Monday, May 25, 2009

Memorial Day

My dad was never in the armed forces. He was a child during WWI and over 30 with a wife and baby when WWII broke out. He worked in a lumber yard in a tiny Minnesota town at the time. He decided to move to California and work at the Lockheed Aircraft plant after Pearl Harbor. (They needed workers badly and had even stooped to hiring women!)


I never knew what motivated him, whether it was high paying jobs, patriotism or restlessness. Probably a little of each.

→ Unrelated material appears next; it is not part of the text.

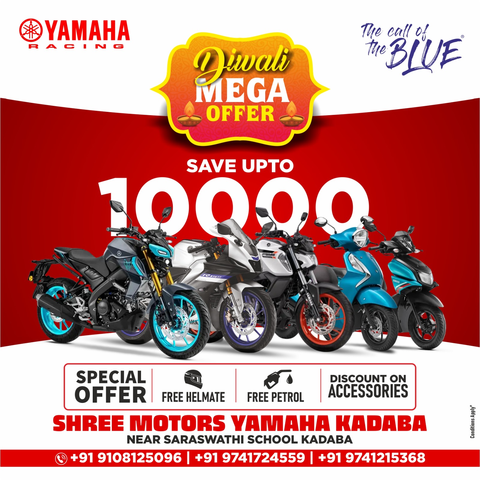 ಕಡಬ : ದೀಪಾವಳಿ ಹಬ್ಬದ ಪ್ರಯುಕ್ತ ಕಡಬದ ಶ್ರೀ ಮೋಟಾರ್ಸ್ ಯಮಹದಲ್ಲಿ ಗ್ರಾಹಕರಿಗೆ ಮೆಗಾ ಆಫರ್ ಲಭ್ಯವಿದೆ.
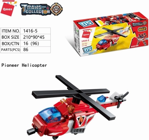 - 6 modèles en 1 – véhicules, hélicoptère et possibilité d’assembler un grand mécha.

After my parents died, I inherited all the small black and white pictures taken during the 40's in California. There's one of my cousin Norma looking really sharp in her WAC's uniform, another of my dad's cousin Leo in his Navy uniform, and my uncle Wes in his Army uniform.


Wes married my aunt Leona during the war and then shipped overseas. He was captured and held in a Japanese POW camp. I'm told he never talked about the experience. He went on to become a salt-of-the-earth kind of guy who died of lung cancer from the cigarettes he started smoking in the service.


Some years later, his son Steven went to Viet Nam and came home with his body and his psyche intact. He married and had a son, Troy, who has now served three tours in Iraq.


War touches every family, all generations, through all time. And it never stops!

1 comment:

Olde Dame Penniwig said...

I wish wars could stop. I guess it will stop when humans stop it, and I don't see that happening. Sadly, there always seem to be those who wish to cause trouble and mischief in the world, and those who must prevent their aggression and keep us free!